Crohn's disease (CD) is a chronic inflammatory disease of the gastrointestinal tract. A clear gap in our existing CD diagnostics and current disease management approaches is the lack of highly specific biomarkers that can be used to streamline or personalize disease management. Comprehensive profiling of metabolites holds promise; however, these high-dimensional profiles need to be reduced to have relevance in the context of CD. Machine learning approaches are optimally suited to bridge this gap in knowledge by contextualizing the metabolic alterations in CD using genome-scale metabolic network reconstructions. Our work presents a framework for studying altered metabolic reactions between patients with CD and controls using publicly available transcriptomic data and existing gene-driven metabolic network reconstructions.
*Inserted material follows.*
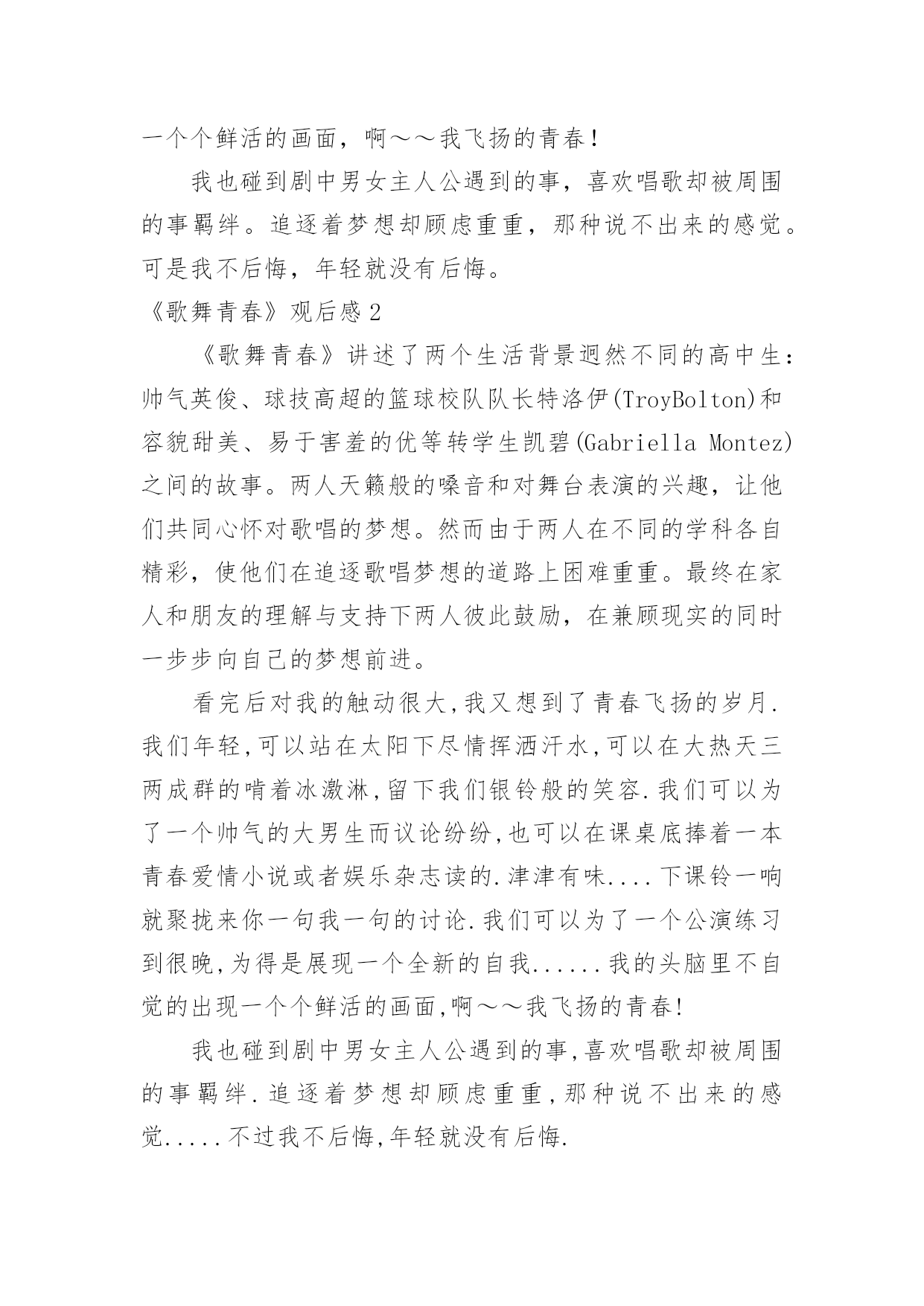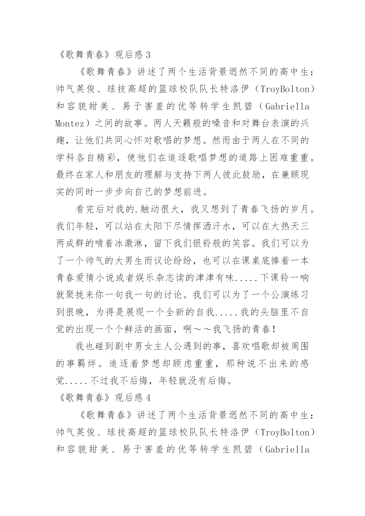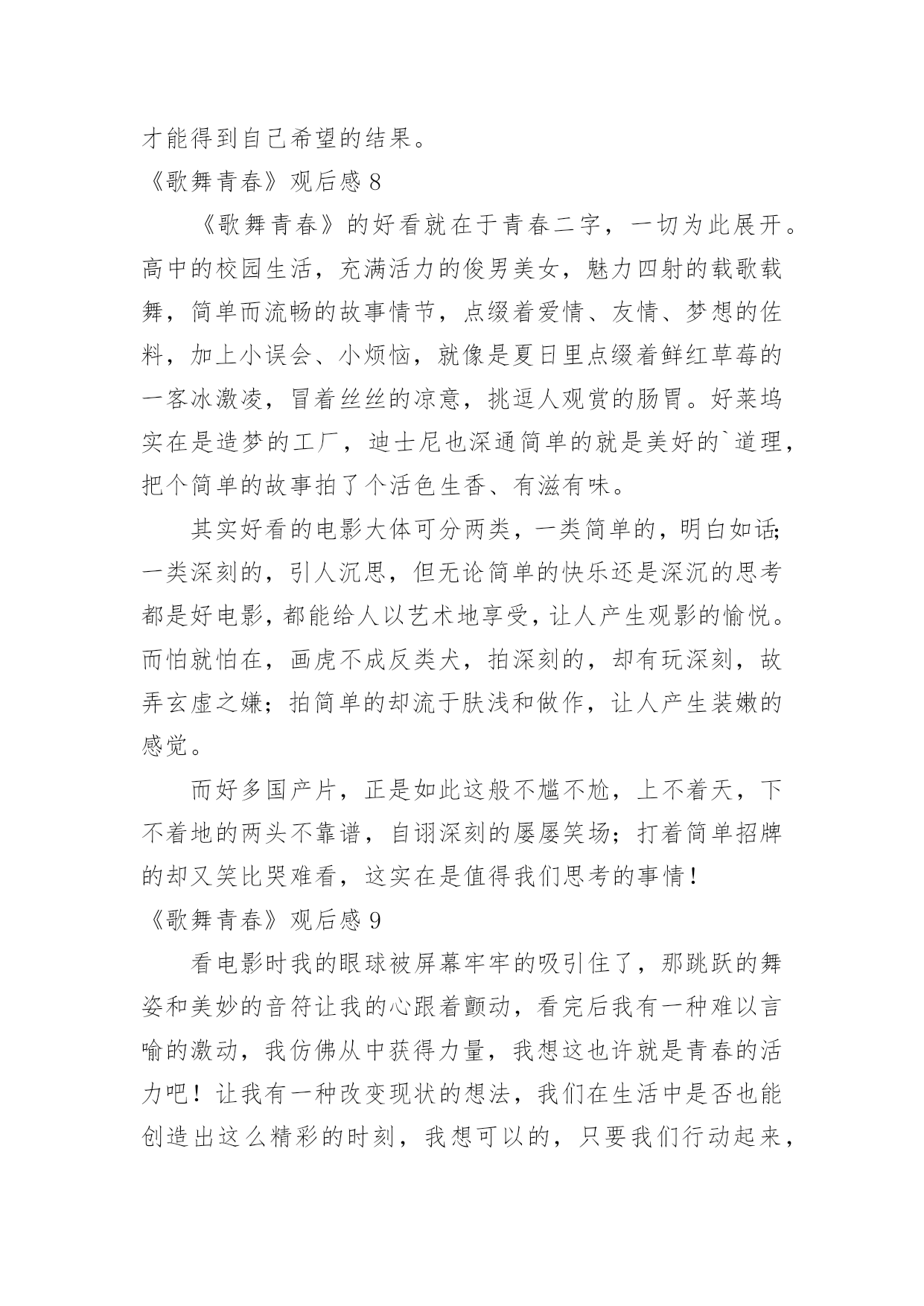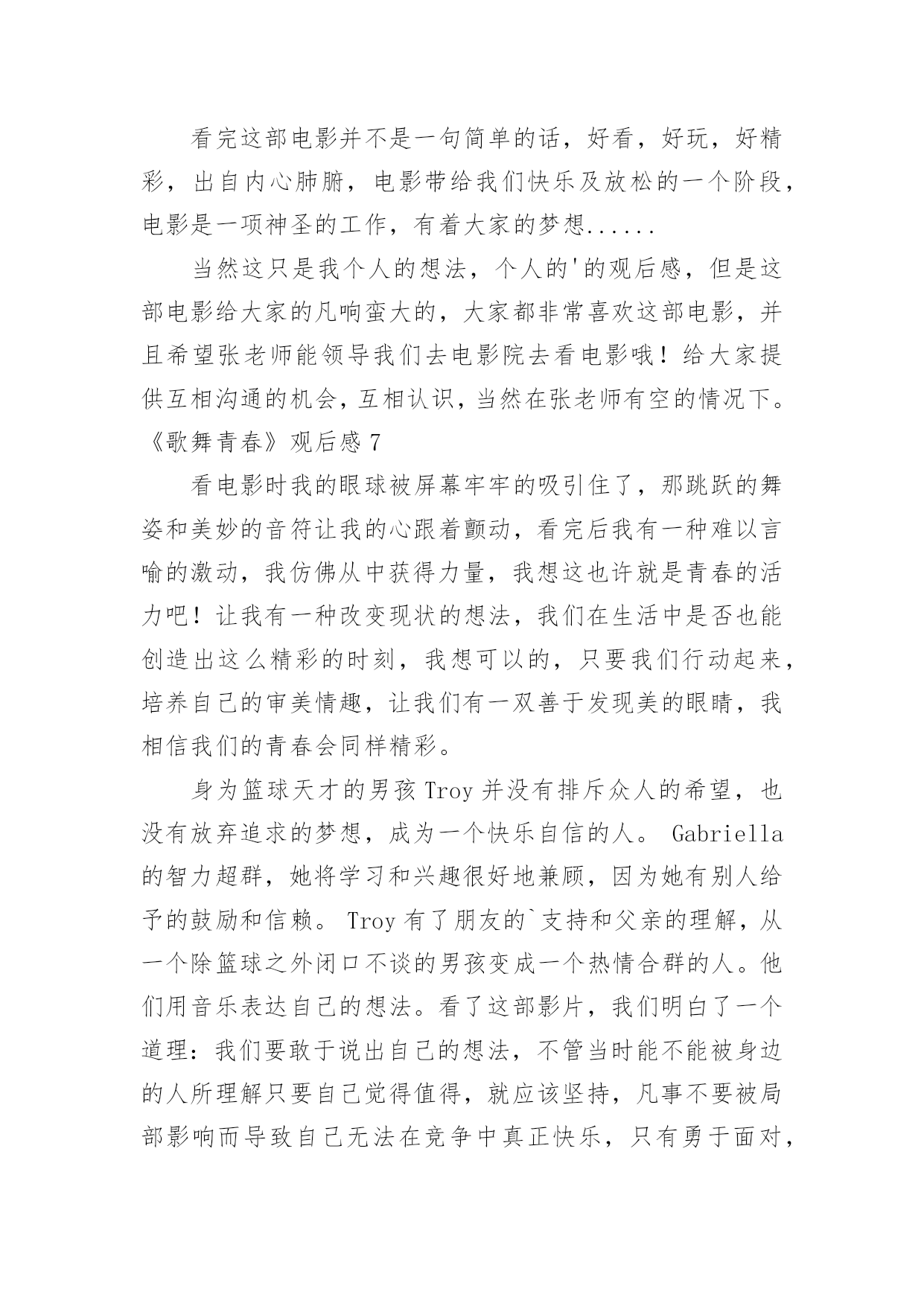 《歌舞青春》观后感《歌舞青春》观后感9篇看完某一作品后,相信你一定有很多值得分享的收获,不妨坐下来好好写写观后感吧。但是观后感有什么要求呢?以下是小编帮大家整理的《歌舞青春》观后感,供大家参考借鉴,希望可以帮助到有需要的朋友。《歌舞青春》观后感1歌舞青春》讲述了两个生活背景迥然不一样的高中生:帅气英俊、球技高超的篮球校队队长特洛伊(TroyBolton)和容貌甜美、易于害羞的优等转学生凯碧(GabriellaMontez)之间的故事。两人天籁般的嗓音和对舞台表演的兴趣,让他们共同心怀对歌唱的梦想。然而由于两人在不一样的学科各自精彩,使他们在追逐歌唱梦想的道路上困难重重。最终在家人和朋友的理解与支持下两人彼此鼓励,在兼顾现实的`同时一步步向自我的梦想前进。看完后对我的触动很大,我又想到了青春飞扬的岁月。我们年轻,能够站在太阳下尽情挥洒汗水,能够在大热天三两成群的啃着冰激淋,留下我们银铃般的笑容。我们能够为了一个帅气的大男生而议论纷纷,也能够在课桌底捧着一本青春感情小说或者娱乐杂志读的津津有味。下课铃一响就聚拢来你一句我一句的讨论。我们能够为了一个公演练习到很晚,为得是展现一个全新的自我。我的头脑里不自觉的出现一个个鲜活的画面,啊~~我飞扬的青春!我也碰到剧中男女主人公遇到的事,喜欢唱歌却被周围的事羁绊。追逐着梦想却顾虑重重,那种说不出来的感觉。可是我不后悔,年轻就没有后悔。《歌舞青春》观后感2《歌舞青春》讲述了两个生活背景迥然不同的高中生:帅气英俊、球技高超的篮球校队队长特洛伊(TroyBolton)和容貌甜美、易于害羞的优等转学生凯碧(GabriellaMontez)之间的故事。两人天籁般的嗓音和对舞台表演的兴趣,让他们共同心怀对歌唱的梦想。然而由于两人在不同的学科各自精彩,使他们在追逐歌唱梦想的道路上困难重重。最终在家人和朋友的理解与支持下两人彼此鼓励,在兼顾现实的同时一步步向自己的梦想前进。看完后对我的触动很大,我又想到了青春飞扬的岁月.我们年轻,可以站在太阳下尽情挥洒汗水,可以在大热天三两成群的啃着冰激淋,留下我们银铃般的笑容.我们可以为了一个帅气的大男生而议论纷纷,也可以在课桌底捧着一本青春爱情小说或者娱乐杂志读的.津津有味....下课铃一响就聚拢来你一句我一句的讨论.我们可以为了一个公演练习到很晚,为得是展现一个全新的自我......我的头脑里不自觉的出现一个个鲜活的画面,啊~~我飞扬的青春!我也碰到剧中男女主人公遇到的事,喜欢唱歌却被周围的事羁绊.追逐着梦想却顾虑重重,那种说不出来的感觉.....不过我不后悔,年轻就没有后悔.《歌舞青春》观后感3《歌舞青春》讲述了两个生活背景迥然不同的高中生:帅气英俊、球技高超的篮球校队队长特洛伊(TroyBolton)和容貌甜美、易于害羞的优等转学生凯碧(GabriellaMontez)之间的故事。两人天籁般的嗓音和对舞台表演的兴趣,让他们共同心怀对歌唱的梦想。然而由于两人在不同的学科各自精彩,使他们在追逐歌唱梦想的道路上困难重重。最终在家人和朋友的理解与支持下两人彼此鼓励,在兼顾现实的同时一步步向自己的梦想前进。看完后对我的.触动很大,我又想到了青春飞扬的岁月。我们年轻,可以站在太阳下尽情挥洒汗水,可以在大热天三两成群的啃着冰激淋,留下我们银铃般的笑容。我们可以为了一个帅气的大男生而议论纷纷,也可以在课桌底捧着一本青春爱情小说或者娱乐杂志读的津津有味.....下课铃一响就聚拢来你一句我一句的讨论。我们可以为了一个公演练习到很晚,为得是展现一个全新的自我.....我的头脑里不自觉的出现一个个鲜活的画面,啊~~我飞扬的青春!我也碰到剧中男女主人公遇到的事,喜欢唱歌却被周围的事羁绊。追逐着梦想却顾虑重重,那种说不出来的感觉.....不过我不后悔,年轻就没有后悔。《歌舞青春》观后感4《歌舞青春》讲述了两个生活背景迥然不同的高中生:帅气英俊、球技高超的篮球校队队长特洛伊(TroyBolton)和容貌甜美、易于害羞的优等转学生凯碧(GabriellaMontez)之间的故事。两人天籁般的嗓音和对舞台表演的兴趣,让他们共同心怀对歌唱的梦想。然而由于两人在不同的学科各自精彩,使他们在追逐歌唱梦想的道路上困难重重。最终在家人和朋友的理解与支持下两人彼此鼓励,在兼顾现实的同时一步步向自己的梦想前进。看完后对我的触动很大,我又想到了青春飞扬的岁月。我们年轻,可以站在太阳下尽情挥洒汗水,可以在大热天三两成群的`啃着冰激淋,留下我们银铃般的笑容。我们可以为了一个帅气的大男生而议论纷纷,也可以在课桌底捧着一本青春爱情小说或者娱乐杂志读的津津有味......下课铃一响就聚拢来你一句我一句的讨论。我们可以为了一个公演练习到很晚,为得是展现一个全新的自我。我的头脑里不自觉的出现一个个鲜活的画面,啊~~我飞扬

Additionally, we apply the same methods to patient-derived ileal enteroids to explore the utility of using this experimental in vitro platform for studying CD. Furthermore, we have piloted an untargeted metabolomics approach as a proof-of-concept validation strategy in human ileal mucosal tissue. These findings suggest that in silico metabolic modeling can potentially identify pathways of clinical relevance in CD, paving the way for the future discovery of novel diagnostic biomarkers and therapeutic targets.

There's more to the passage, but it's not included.